Aung Kyaw Moe, founder of Singapore-headquartered global payments company 2C2P, has announced his departure from the CEO position after leading the company for 22 years.

Moe announced on LinkedIn that he will be stepping down in the first week of April 2025.

Thai Khun Piyachart, CEO of 2C2P Thailand, will also be stepping down.

“With 2C2P in good hands, I am thrilled to embark on new adventures. As a DBA Candidate at the Sasin School of Management, I will dedicate some of my time to my research: How Southeast Asia Startups Succeed and Fail—Understanding the Growth Gap. I am also working on my memoir, “Red Kite,” recounting my personal and entrepreneurial journey. And I can’t wait to spend more time flying my little plane to new places and meeting new people,” Moe said in the post.

Also Read: 2C2P sets up VC arm to make strategic investment in payments firms in Southeast Asia

Moe reflected on the journey, acknowledging the failures, triumphs, setbacks, and encounters that have shaped the fintech firm.

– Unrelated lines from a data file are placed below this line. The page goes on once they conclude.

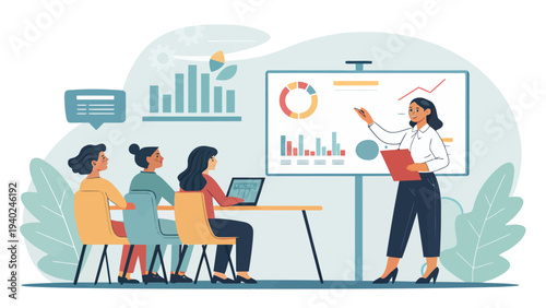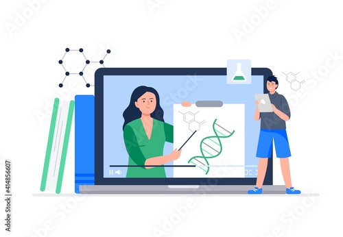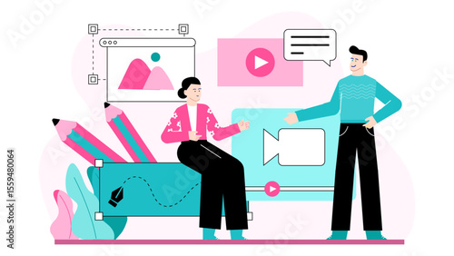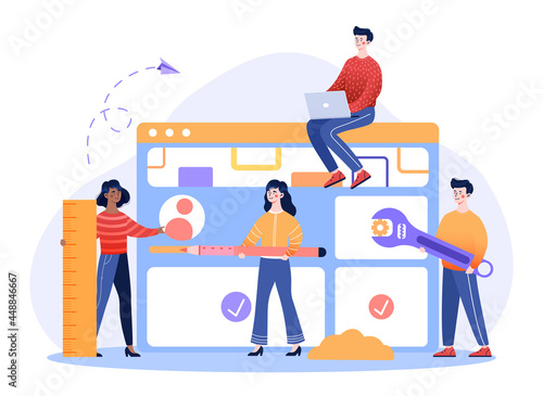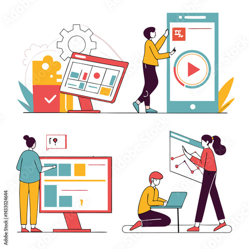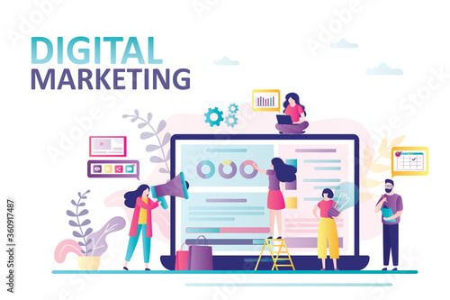 Векторная иллюстрация большого монитора компьютера с панелью статистики, крошечные люди отправляют текстовые сообщения, делают перерыв на кофе, разговаривают друг с другом. Концепция процесса бизнес-процесса для веб-баннера, страницы.
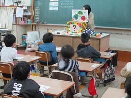 1学年では、中学校所属の栄養教諭による食育の授業を行いました。「野菜のよいところを見つけて仲良くなろう」という学習内容で、子どもたちは、実際の野菜をあてるクイズや野菜が登場人物の紙芝居を通して、野菜の特徴や働きを学びました。子どもたちは、授業を通して食物としての野菜のいろいろな働きを知り、好き嫌いなく食べようという気持ちが高まったようでした。
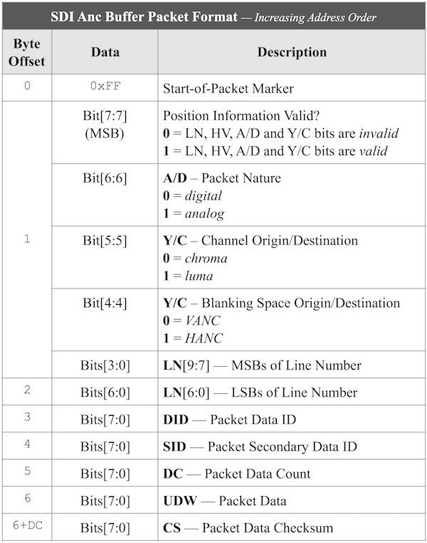 The data in the ancillary data buffer, except where noted (below), matches the RTP specification documented in SMPTE ST 291-1:
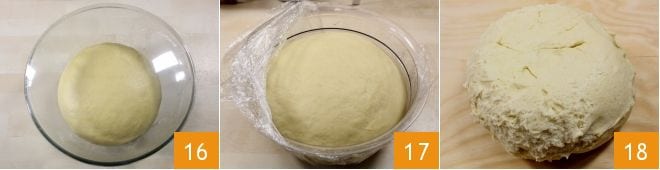 A essa altura, o pré-fermento deve ter dobrado de volume 13, junte-o à massa principal na tigela e ligue a batedeira para misturar bem os dois compostos 14. Por último, adicione a manteiga amolecida à temperatura ambiente, misturada com o sal, um pedacinho de cada vez enquanto a batedeira (velocidade 2) está em ação, não adicionando outro até que o anterior esteja incorporado 15. Para obter uma massa lisa, macia e compacta, leva cerca de 25 minutos com a batedeira e um pouco mais se amassar à mão. Uma vez que toda a manteiga foi incorporada, para soltar a massa das paredes da batedeira, coloque alguns pitacos de farinha ao longo do perímetro da tigela até que esteja enrolada em torno do gancho. Despeje a massa em uma superfície enfarinhada e trabalhe rapidamente para dar uma forma esférica.

Founded in April 2003 in Bangkok, Thailand, 2C2P emerged even before the term fintech gained widespread recognition. The firm helps businesses securely accept payments across online, mobile and in-store channels.

Headquartered in Singapore, 2C2P operates across Southeast Asia and Hong Kong.

In April 2022, Ant Group’s international business arm acquired a majority stake in 2C2P to develop integrated products and solutions with its Antom merchant payment and digitisation platform.

In a separate LinkedIn post, Gary Liu, General Manager, Antom, said: “Under Aung’s visionary leadership, 2C2P has achieved remarkable milestones, solving complex payment challenges for enterprise merchants across the region and earning its reputation as a trusted payments partner. These accomplishments stand as a testament to Aung’s unwavering dedication, strategic foresight, and ability to inspire teams to deliver excellence.”

Liu also noted that the company would appoint a capable CEO to guide the team forward, building on the strong foundation Aung has established. “Antom and 2C2P have built on our joint innovation and ecosystem reach to serve leading global and local merchants, driving their transformation and growth in Southeast Asia. Amidst the region’s evolving digital transformation and payments landscape, Antom and 2C2P will remain at the forefront of this evolution as one unified team. Our shared mission is to empower merchants of all sizes with cutting-edge solutions and world-class services, continuously fueling their growth so that they can thrive in a digital era.”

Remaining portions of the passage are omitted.